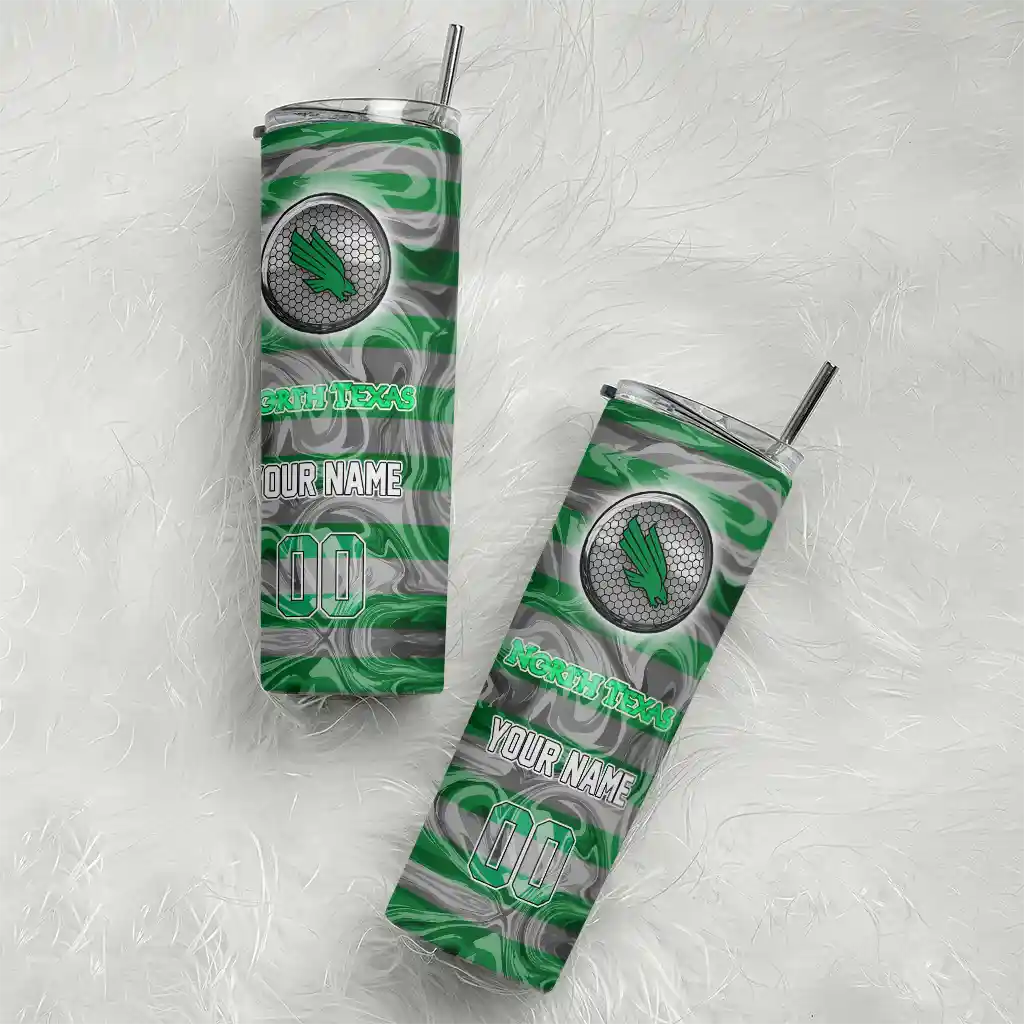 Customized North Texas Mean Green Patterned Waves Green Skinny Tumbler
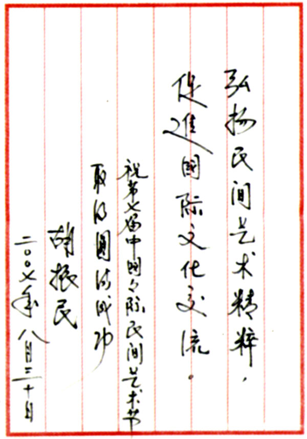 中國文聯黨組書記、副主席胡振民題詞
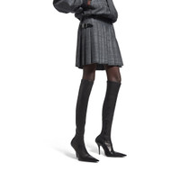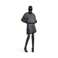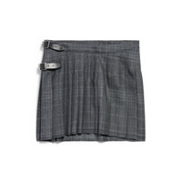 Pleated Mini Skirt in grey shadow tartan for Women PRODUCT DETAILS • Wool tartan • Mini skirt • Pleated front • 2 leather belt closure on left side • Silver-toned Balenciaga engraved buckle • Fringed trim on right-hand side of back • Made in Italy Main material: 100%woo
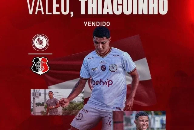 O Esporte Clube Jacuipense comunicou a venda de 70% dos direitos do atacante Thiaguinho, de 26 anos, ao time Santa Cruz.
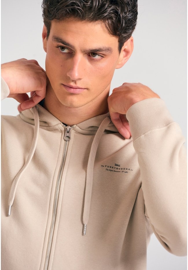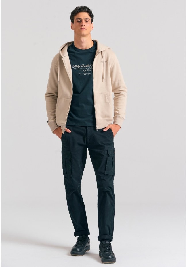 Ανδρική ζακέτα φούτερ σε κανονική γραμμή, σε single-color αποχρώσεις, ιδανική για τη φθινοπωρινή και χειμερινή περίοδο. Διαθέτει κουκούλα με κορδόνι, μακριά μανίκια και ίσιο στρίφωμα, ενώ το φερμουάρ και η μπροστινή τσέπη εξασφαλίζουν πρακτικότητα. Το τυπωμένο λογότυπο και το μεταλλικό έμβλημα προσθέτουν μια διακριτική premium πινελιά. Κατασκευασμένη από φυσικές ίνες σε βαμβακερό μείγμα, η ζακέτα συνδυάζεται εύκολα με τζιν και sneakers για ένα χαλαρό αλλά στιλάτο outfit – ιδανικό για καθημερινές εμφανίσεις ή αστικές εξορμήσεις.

########################################

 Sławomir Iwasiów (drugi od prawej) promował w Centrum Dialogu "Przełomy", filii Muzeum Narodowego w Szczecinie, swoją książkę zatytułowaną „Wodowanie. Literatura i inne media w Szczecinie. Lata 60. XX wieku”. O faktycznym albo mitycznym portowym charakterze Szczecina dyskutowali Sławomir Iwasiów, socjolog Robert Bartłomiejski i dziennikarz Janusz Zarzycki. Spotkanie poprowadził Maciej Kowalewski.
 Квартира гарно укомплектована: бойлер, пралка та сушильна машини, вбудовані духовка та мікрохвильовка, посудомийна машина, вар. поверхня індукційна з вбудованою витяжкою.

########################################

Requirement. Once the line with "Customized North Texas" is found in the data above, reproduce it and each line after it exactly, through the line with "Ανδρική ζακέτα φούτερ". Omit the pictures.

Written solution.
 Customized North Texas Mean Green Patterned Waves Green Skinny Tumbler
 中國文聯黨組書記、副主席胡振民題詞
 Pleated Mini Skirt in grey shadow tartan for Women PRODUCT DETAILS • Wool tartan • Mini skirt • Pleated front • 2 leather belt closure on left side • Silver-toned Balenciaga engraved buckle • Fringed trim on right-hand side of back • Made in Italy Main material: 100%woo
 O Esporte Clube Jacuipense comunicou a venda de 70% dos direitos do atacante Thiaguinho, de 26 anos, ao time Santa Cruz.
 Ανδρική ζακέτα φούτερ σε κανονική γραμμή, σε single-color αποχρώσεις, ιδανική για τη φθινοπωρινή και χειμερινή περίοδο. Διαθέτει κουκούλα με κορδόνι, μακριά μανίκια και ίσιο στρίφωμα, ενώ το φερμουάρ και η μπροστινή τσέπη εξασφαλίζουν πρακτικότητα. Το τυπωμένο λογότυπο και το μεταλλικό έμβλημα προσθέτουν μια διακριτική premium πινελιά. Κατασκευασμένη από φυσικές ίνες σε βαμβακερό μείγμα, η ζακέτα συνδυάζεται εύκολα με τζιν και sneakers για ένα χαλαρό αλλά στιλάτο outfit – ιδανικό για καθημερινές εμφανίσεις ή αστικές εξορμήσεις.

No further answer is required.